What she'd wound up with was a meaner-than-hell, lazy bastard who wasn't remotely interested in her or their children. By the time she'd realized that she couldn't change him, that no amount of prayer on his behalf was going to make him the husband she longed to have—the father her children needed—he'd had two blocked arteries and she'd already invested too much of her life in him to let him ruin her with a divorce. Everything they had, she'd worked for, and she'd decided she'd be damned before she'd give him half.
At the time, two friends, Bitsy and Meredith, had found themselves in similar situations, both of them married to men who made them wretched, and one night after one too many hands of rummy and one too many Bloody Mary's, the idea of the Future Widows' Club had been born.
Ultimately, it had saved her.

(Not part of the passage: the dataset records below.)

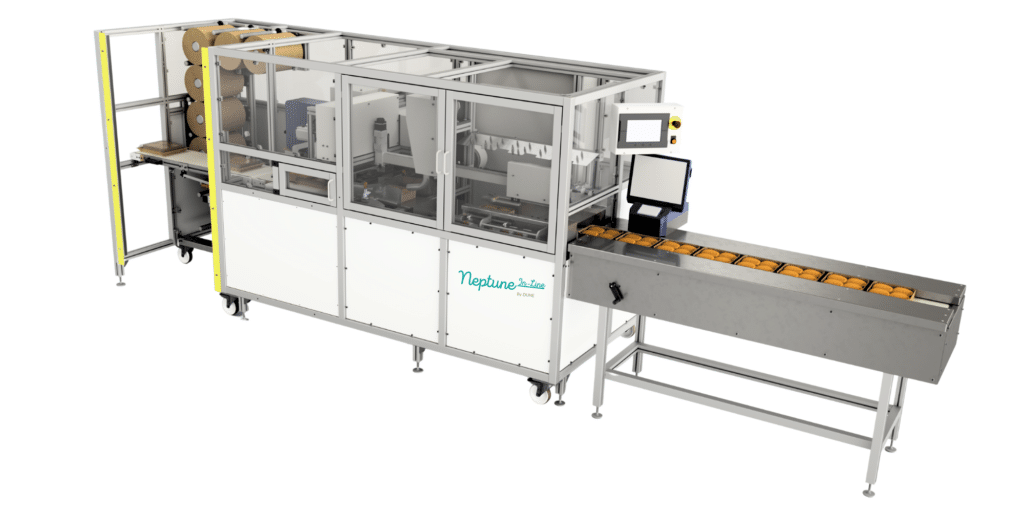Packing machines Depending on your requirements, our semi-automatic or fully automatic packaging machines enable you to package, label, and seal a wide range of BVP products. Our FLOW BAGGER technology offers an innovative alternative to traditional flow pack machines. The concept: the machine continuously produces custom-sized bags from a tubular film supplied on a reel.It unwinds the film, cuts it to the desired length, then folds and seals one end to form the bag. The product is then inserted—either manually or automatically—into the bag, which is kept open by an air NEW: NEPTUNE IN-LINE WHAT IF YOUR MACHINE FINALLY ADAPTED TO YOUR PRODUCTION! With Neptune In-Line, DUNE takes a new step forward in the industrialization of its packaging solutions with a key innovation: IN-LINE OUTPUT Designed to integrate directly into the production flow, Neptune In-Line enables seamless integration with existing equipment. – Reduces handling time for your teams and optimizes your production – Fast and simplified format change in just one minute – Possibility of integrating upstream or downstream equipment with the machine, such as a labelling system, a metal detector, etc. – Adaptive system compatible with all production configurations RESULT: Smooth, continuous, and adaptable production.You gain industrial agility. Download the brochure NEPTUNE IN-LINE JUPITER JUPITER is a fully automatic packaging solution. The perfect combination of productivity, format flexibility and ease of integration. Can reach 1200 cycles/hour. Packages and labels all types of bakery products.Easily adapts to different formats and types of products.Mobile and Compact. Download the brochure JUPITER - CÉRÈS - Our CÉRÈS semi-automatic machine packs and label : Pastries, snacks, biscuits up to 600 cycles/hour. Breads and batches of 3+1. Play Video Download the brochure CÉRÈS CÉRÈS Mini A MINI machine for a MAXI impact that automates the packaging and labeling of your pastries. Up to 450 cycles/h.Quick format changeover. The 100% pastries solution. Download the brochure CÉRÈS Mini - D60 - With our D60 automatic machine, pack and label :Baguettes and specialty breads.Up to 2400 cycles/hour. Play Video Download the brochure D60 D30XL With our semi-automatic D30XL machine, pack and label : Baguettes, specialty breads and batches of 3+1. Up to 1800 cycles/hour. Play Video Download the brochure D30XL
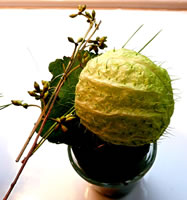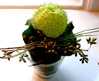 Teemlich dörchfroren möken mien Mann un ik up unsen Utfloog en Paus. Wi müssen uns eerstmal upwarmen. En lütt fien un smuck Kaffee in enen Park laad uns in. Wohlige Warms vun en Kachelaven keem uns glieks dörch de apen Döör in de Mööt. Up jeedeen Disch lüchen Talglichten. Wi harrn ja ok den 1.Advent! An enen Disch in de Neegde vun den warmen Aven funnen wi noch twee frie Stöhl. Eerst as wi uns enen heten Melkkoffi bestellt harrn, wöör ik de Dekoratschoon up den Disch richtig wies. Neven dat Talglicht stünn en hübsch trechmakten lütten Blomenpott. De weer mit Ziergräser un anner verscheden Blattwark utstafeert. Babenup in de Meern seet in hellgröön en Oort Bloom. De sehg meist en Kaktus liek. So'n Blomenpött stünnen ok up de Finsterbänk. De zart hellgröön un düstergröön Bläder möken sik goot up de witten Finsterbänk. Weern de Planten överhaupt echt un weer dat würklich en Bloom? Vörsichtig heff ik se anfaat. Echt weern se, aver dat Ganze weer gor keen Bloom. Dat weer blots en hellgröön meist dörchsichtig Fruchthüls mit luder lütte Stickeln. En Fruchthüls vun en Plant up de Finsterbank weer al platzt un lütte Samenkoorns mit en Fedder to'n Flegen as bi de Pusteblomen keken ut den Spalt. Nu güng de Raderee los. Keeneen kenn düsse Plant mit de
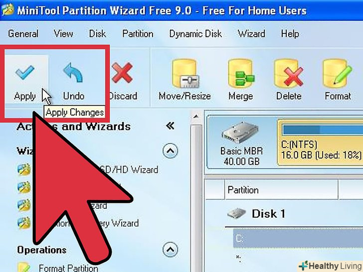 Закінчивши вносити процеси в список завдань, натисніть "Виконати" (у верхній частині вікна програми Partition Wizard).відкриється невелике вікно, в якому вам запропонують закрити всі запущені програми і створити резервну копію даних.- Розмір розділу буде негайно зменшений тільки в тому випадку, якщо цей розділ не використовується іншими програмами. На зменшення розміру розділу піде всього декількох секунд, але в разі повільного комп'ютера або великого розділу на це буде потрібно більше часу.

Saved all of them. And now it offered hope to a new group of women trapped in loveless, miserable marriages. Women who needed a little vengeful humor to help them cope. Women like Jolie Marshall, Sophia thought, hoping that she'd come and join them. Women who, like them, preferred widowhood to divorce.
And why not? Sophia thought, particularly proud of her brain-child. Being widowed definitely had the advantage. Instead of half—half your friends and half your assets—a widow got to keep it all. People sympathized and brought food. Black was slimming. A widow was pitied, not scorned. She was deemed a survivor, not damaged goods. Then there was the life insurance, Sophia thought with a fond smile. She harrumphe
d. Charles had definitely been worth more to her dead than he ever had been alive. Aside from the birth of her children, planting that miserable SOB in Shady Memorial—in the hottest patch of earth she could find—had been the single-most bar-none best day of her life.
Which was what made the idea of entertaining any sort of feelings for Edward Jennings absolutely insane. It had taken her twenty-three years to get rid of the first man that had ever caught her fancy. What in God's name would possess her to want to try that again?
She knew why, though it nearly killed her to admit it—sex.
It used to be that practically no one her age was sexually active. Waning sex drives and impotency had all but obliterated sex from her social scene, but with the advent of enhancement drugs—Viagra, Cialis, Avlimil, etc.—sex had made a huge comeback with people her age. And with it, the needs she'd forgotten—or had deemed too trivial to waste her time on—had come raging back.
Her own sex drive had been below the radar, lying like a dormant volcano for years, but now— Sophia smothered a frustrated groan. Dirt flew as she attacked her planting with renewed vigor. Now, a couple of smiles from a blue-eyed gentleman and some raucous talk of multiple orgasms and erections at the bingo hall had left her so wretchedly horny that her yearly trip to the gynecologist was actually something she found herself looking forward to.
It was crazy. Insane. And yet she couldn't deny the ache in her breasts, the throb deep in her womb, the desire for a warm male body at her back.
Both Bitsy and Meredith had taken lovers over the years, but Sophia had always abstained. She'd deemed herself above such needs and had secretly pitied their continued dependence on men. After Charles, though many had tried, she hadn't been remotely interested in forming any sort of relationship with a man. One had been enough, thank you very much.
But something about Edward Jennings shook that stalwart reserve, made her watch those sexual enhancement commercials with the sort of puppy-dog longing that was downright pathetic, even made her yearn for something as simple as sharing coffee over the breakfast table.